16S rRNA phylogeny. Maximum-likelihood 16S rRNA gene tree (739 unambiguously aligned nucleotides) showing the relationship of the Thalassoarchaea (bold and black) with other MGII (MG2-GG3-assembled genome in bold and green). The clusters where thalassoarchaeal sequences appear are red shadowed. Numbers at nodes in major branches indicate bootstrap support (shown as percentages and only those >50%) by ML in MEGA 5.10. Scale bar represents the estimated number of substitutions per site. The different clusters are named following Galand et al., 2010. Sampling locations: MED, Mediterranean Sea; HOT, Hawaii Ocean Time-Series, North Pacific Gyre (ALOHA station); SP, South Pacific; ETSP, Eastern Tropical South Pacific; ESP, Eastern South Pacific; WP, western Pacific; SA, South Atlantic; NA, North Atlantic; GM, Gulf of Mexico; NP, North Pacific; CS, China Sea; NAEC, North American East Coast; GI, Galapagos Islands; CS, Caribbean Sea; TSP, Tropical South Pacific.

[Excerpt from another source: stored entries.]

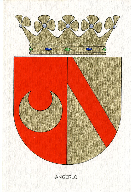 Schildering op papier van het gemeentewapen van de voormalige gemeente Angerlo circa 1980-1988. Dit was het gemeentewapen van Angerlo van 27 oktober 1924 tot de gemeentelijke herindeling in 2005.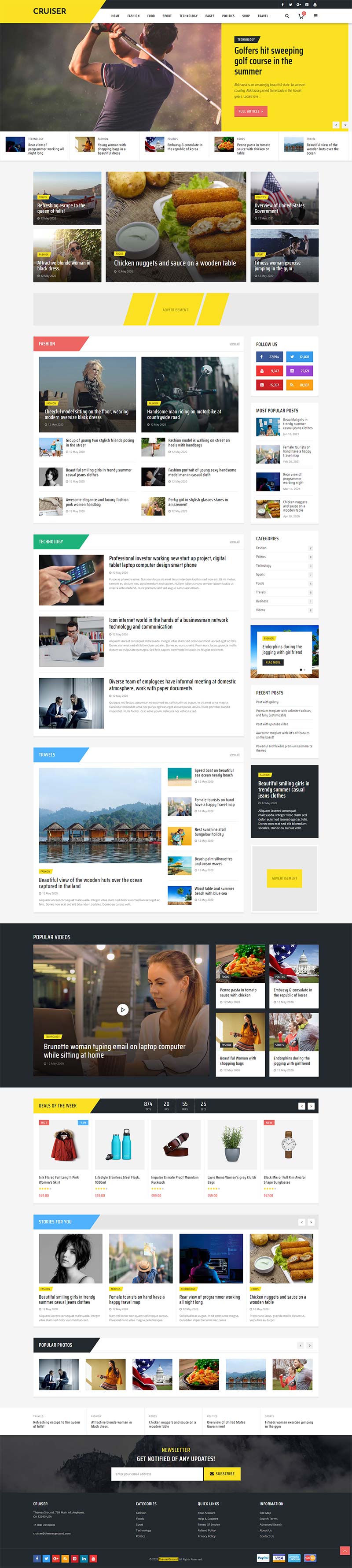 一款大气响应式的时尚娱乐资讯,新闻杂志博客网站模板。此模板非常适合任何博客/杂志类,如博客、体育、时尚、科学、足球、政治、视频、旅游、时尚、美容、个人和健康杂志网站等。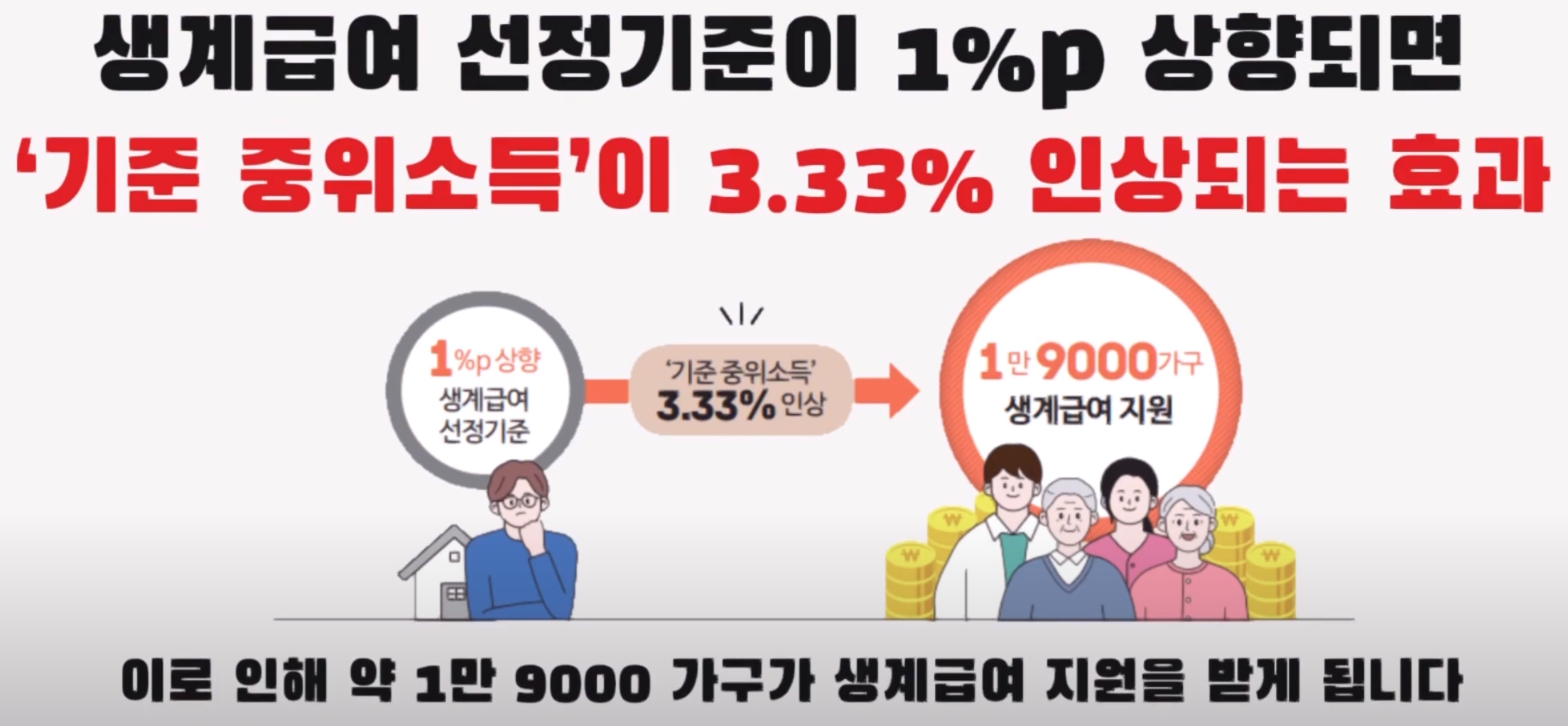 생계급여 선정 기준이 1% 포인트 상향되면 기준중위소득이 3.33% 인상되는 효과가 있습니다. 이로 인해 약 1만 9천 가구가 생계급여 지원을 받게 됩니다.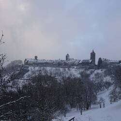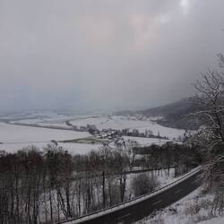 Eine Woche ist vergangen und ich setze meine Frankenweg HW8 Wintertour fort. Die Region präsentiert sich heute mit einem weißen Winterkleid bedeckt.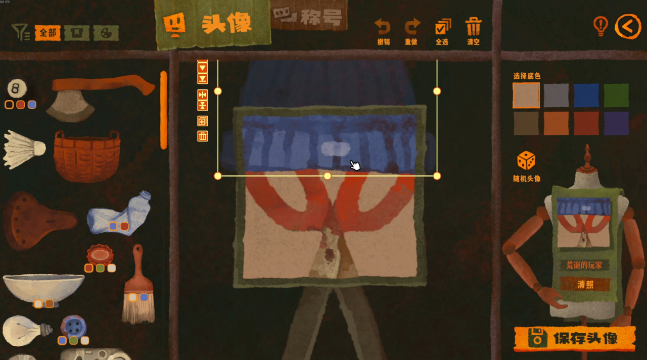 因为在《破烂艺术家》这款游戏里,开局就给予了玩家自由创意的权限,头像由玩家用系统提供的物品自行拼出。这也就是开头对话的由来。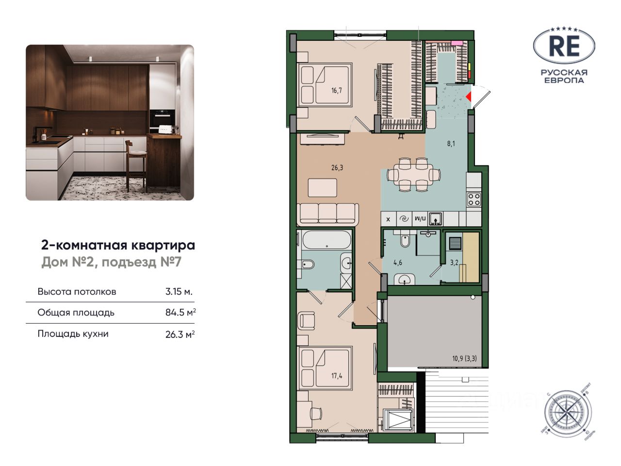 Общая площадь84,5 м2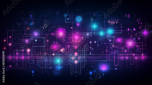 Obraz premium Abstract Tech Network with Neon Highlights and Complex Patterns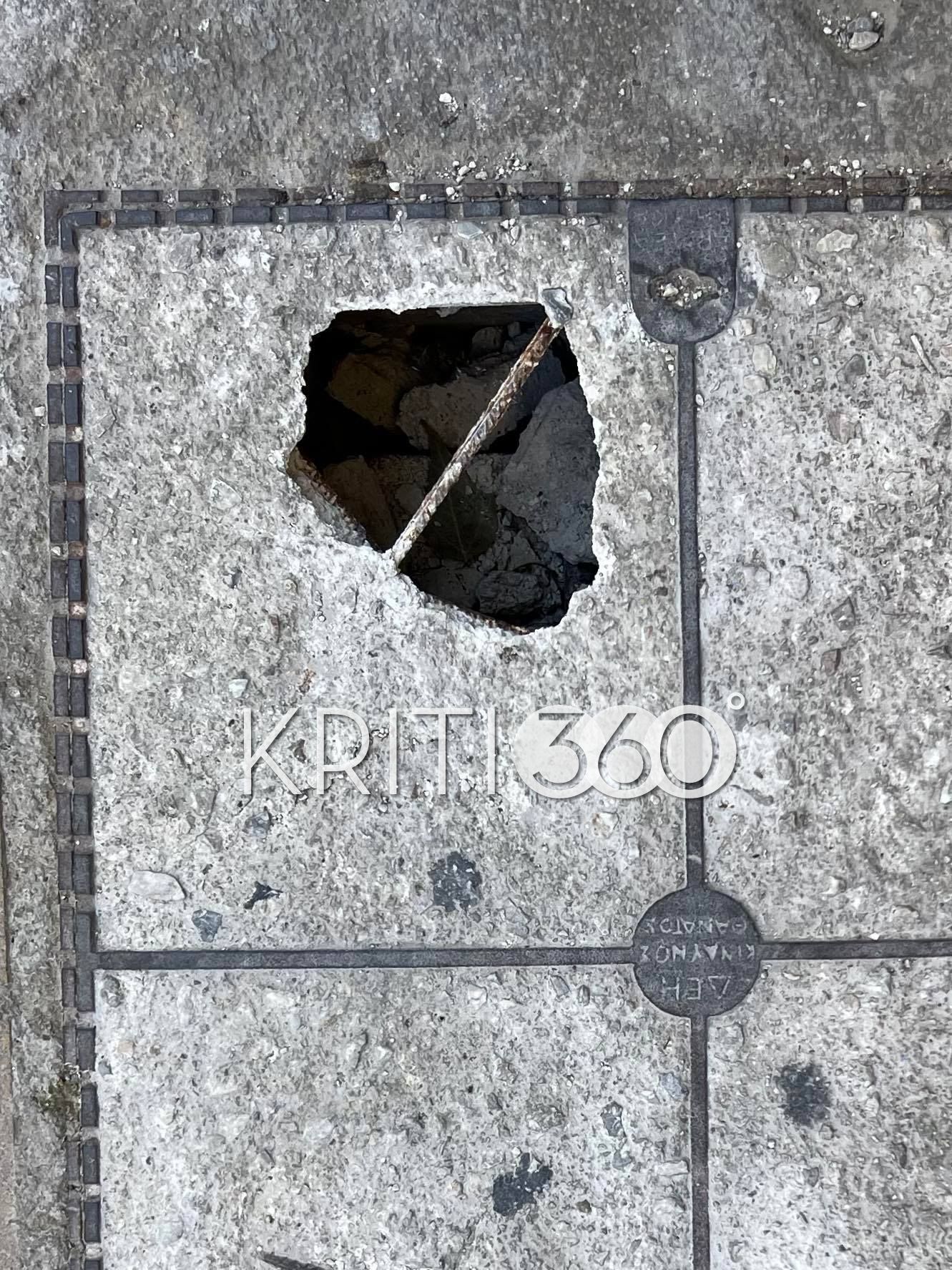 Τα τσιμεντένια καπάκια του ΔΕΔΔΗΕ αποδεικνύονται …χάρτινα με αποτέλεσμα τα πεζοδρόμια των Χανίων να γεμίζουν από τρύπες

The GOS data set identifiers are shown next to each GOS scaffold.

We examined whether similar sequences had been assembled before from other metagenomic data sets by searching the 16S rRNA and 23S rRNA genes in the entire collection of assembled scaffolds from the GOS data set (Venter et al., 2004; Rusch et al., 2007). Five GOS scaffolds were retrieved with a 16S rRNA 100% identical over 97% of the gene to either of our MGIIB 16S rRNA genes (species threshold level) (Supplementary Figure 1), and an additional five at 95% identity at 95% coverage. Therefore, it seems that the microbes represented by the MGIIB fosmids described here are geographically widespread and not an artifact of assembly. The GOS scaffolds were short and contained mostly only the rRNA sequence. However, when they also presented a few more genes they were syntenic to our fosmids. It is interesting to note that most of them were from temperate or tropical regions. When a similar search was performed using the MGIIA 16S rRNA found in the assembled MG2-GG3 (Iverson et al., 2012), no 16S rRNA sequence was found at >97% identity, suggesting less prevalence of this clade in open ocean or coastal metagenomes. In an effort to visualize the abundance of these MGIIB cells at the DCM we carried out FISH with a lineage-specific probe designed with the sequence of the 16S rRNA present in our fosmids. The plankton sample used came from the DCM of June 2009 (see Methods). A specific probe was designed to detect MGIIB and we could see a significant number of DAPI stained cells that hybridized with the probe (1.8%, n=10). Cells were very small, less than a 1 μm (Figure 2). Considering that we are providing an image for these microbes and on the grounds of the phylogenetic distance we would like to propose the taxonomic rank of class for the members of this group that overlaps with the 16S rRNA defined group IIB. We suggest the name Candidatus Thalassoarchaea marina and Candidatus Thalassoarchaea mediterranei, from the greek name for the sea ‘thalassa’, for the microbes represented by the 16S rRNA sequences described here and stained by the probe (Figure 1).

Figure 2
figure 2

Microscopy of MGII cells. DCM seawater sample from Mediterranean Sea hybridized with fluorescein-labeled 16S rRNA group II archaeal probes (left panel, ‘ThaMar’ probe and right panel, ‘Eury 806’ probe). Images of the same field were captured using the fluorescein filter set (lower panels) and the DAPI filter set (upper panels). Scale bars, 10 μm.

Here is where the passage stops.